Ultimately, yes it’s selfish. But: it’s okay to be occasionally selfish in a relationship. Quitting the job isn’t the problem to me. To me the concern is the wishy washy my health, to rest, to study, to plan my wedding but I’ll look for a job. It’s like you don’t know what you want or what you’ll do.
I have quit one job before. But it was a “I’m quitting, I’ll live in a box if I have to and my husband said he will live in it with me if necessary because it’s that bad” of a situation. I did everything in my power immediately to find a job. We could survive on his income just fine, but I didn’t feel like it was fair to reduce our means that much without making a job my priority.

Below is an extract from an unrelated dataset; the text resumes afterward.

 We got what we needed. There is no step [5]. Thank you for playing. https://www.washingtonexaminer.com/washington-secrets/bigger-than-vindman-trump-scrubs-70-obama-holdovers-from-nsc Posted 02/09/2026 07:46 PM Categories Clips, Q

To me, I’d have another discussion with fiancé. I’d agree to exactly when I’d quit, what I’d be doing and when I’d make a new job a priority. I’d make sure he was totally okay with it and we were prepared with savings and our quality of life wouldn’t be strongly impacted… even assuming it took longer to find a job than expected.
Then I’d follow through as agreed and not rely on strangers to tell me if they approve.
Post # 15
Going off of what @jellybellynelly was saying, I think you can change up your mindset some. I happen to love my job and where I work, yet at the end of the day I am still working because I have to**.
You are in the enviable position that you don’t HAVE to work this job. Your fiancé is supportive of you quitting and staying home awhile. So if you’re already in a place where you’re willing to quit then why do you care if you’re “expected” to stay late and work weekends? Use this opportunity to lay down better boundaries with your work. If they tell you to pack, well, that’s just one fewer decision you have to make, right?
You can also file for unemployment if they fire/lay you off (as long as it’s not for gross misconduct), whereas you wouldn’t be able to if you quit.
**Part of my “have to” is because I truly have no desire to stay home full time. I enjoy time off of work only because I have work to take off from. Same reason I don’t want to start my own business because then there’s really no such thing as paid time off, lol.